Килларни! Из деревни Клогереен вышла нескладная фигура, которая называла себя «Человеком Горы»; и, довольные Паном, мы позволили ему трубить в свой рог перед нами до самой вершины Мангертона, где Дьявол, как полагают, вычерпал дерн под скалами в Чашу для пунша. Без сомнения, он сделал это, и Старый Гончар работал с огнем. Это кратер потухшего вулкана. Чарльз Фокс, говорит Уэлд, а Райт сомневается, переплыл Бассейн. Почему бы и нет? Он не такой холодный, как Полярное море. Мы переплыли его — как мог бы подтвердить Малкоки, если бы он был жив, но он мертв; и почувствовали себя упругими, как барабан. Какая панорама! Нашим первым чувством была скорбь, что мы не ирландцы. Мы не знали, на чем остановить свой взгляд. Окруженный ослепительным смятением всего этого многоликого величия, глаз, словно боясь вступить в схватку с близкой славой — ибо такой другой день никогда не сиял с небес — искал облегчения в далекой дали и скользил вдоль прекрасной реки Кенмар, проникая среди углублений гор, пока не остановился на зеленом мерцании далекого моря.
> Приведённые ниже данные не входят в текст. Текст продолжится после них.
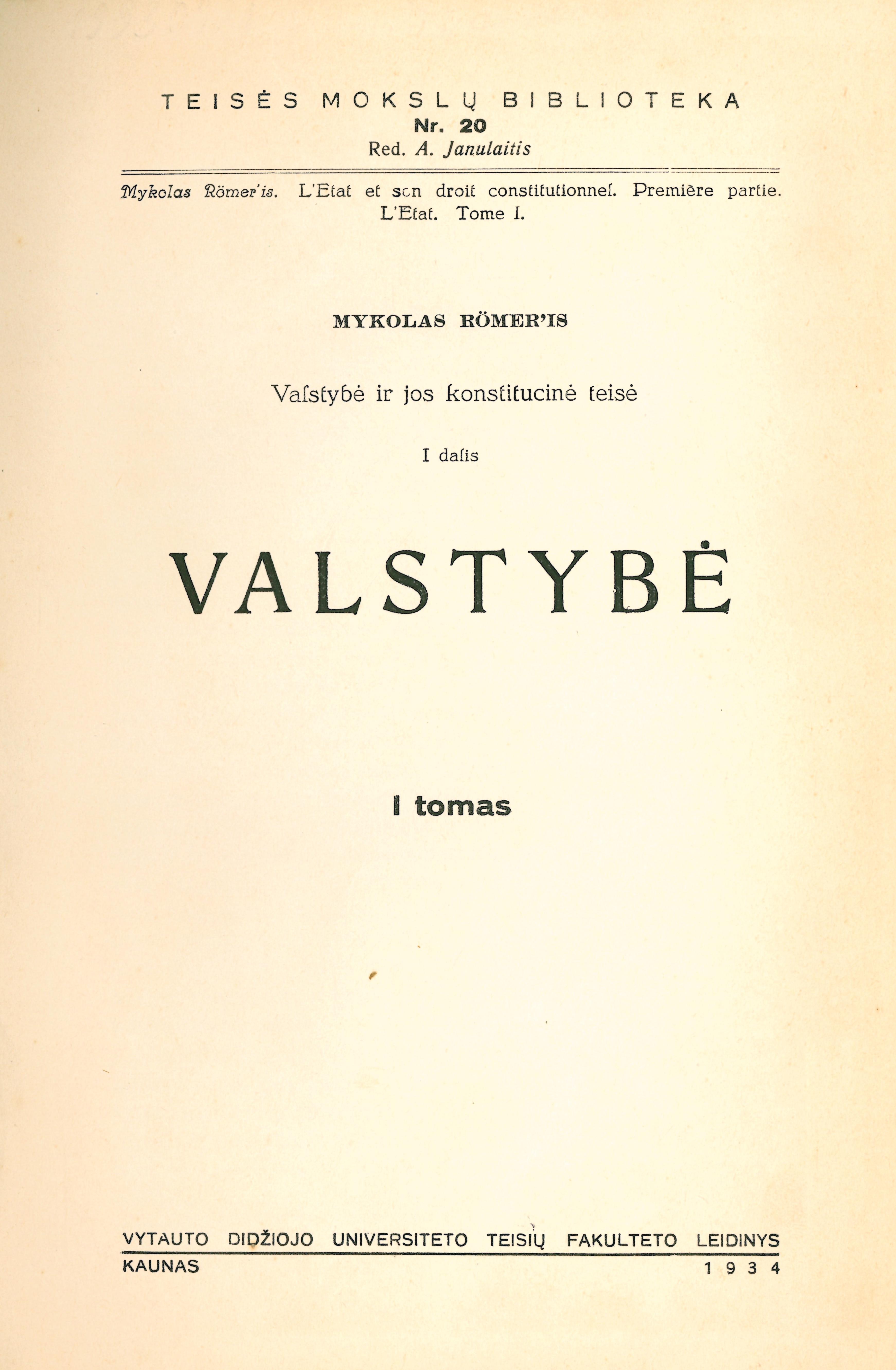 | Antraštė | Valstybė ir jos konstitucinė teisė. D. 1. T. 1 (1934) |

Величие ощущалось, пусть и издалека, этого скованного железом побережья. Огибая с легким размахом, как могут делать глаза орла, когда, вися неподвижно в вышине, он лишь поворачивает голову, наши глаза охватили весь могучий хребет Рикс и остановились в благоговении на Карран-Туал. Дикой, но нежной была синяя воздушная дымка над проблесками Верхнего Озера, где мягко и сладко, в поясе скал, казалось, висели, то в воздухе, то в воде — ибо все было странно нечетким в тусклом смятении — массы зеленого света, которые могли быть островами с их прекрасными деревьями; но внезапно, тронутые огнем, засияли золотые вершины Гнезда Орла; и когда они снова были укрощены облачной тенью, сияние Пурпурной Горы на время приковало наше видение, а затем оставило его свободным пировать на лесах Глены, пока, блуждая по капризной воле воображения, оно не поплыло в восторге над лесами Макрусса и, долго потерянное среди дрожащих образов воды, нашло длительный покой на стойкой красоте лесного острова Инисфаллен.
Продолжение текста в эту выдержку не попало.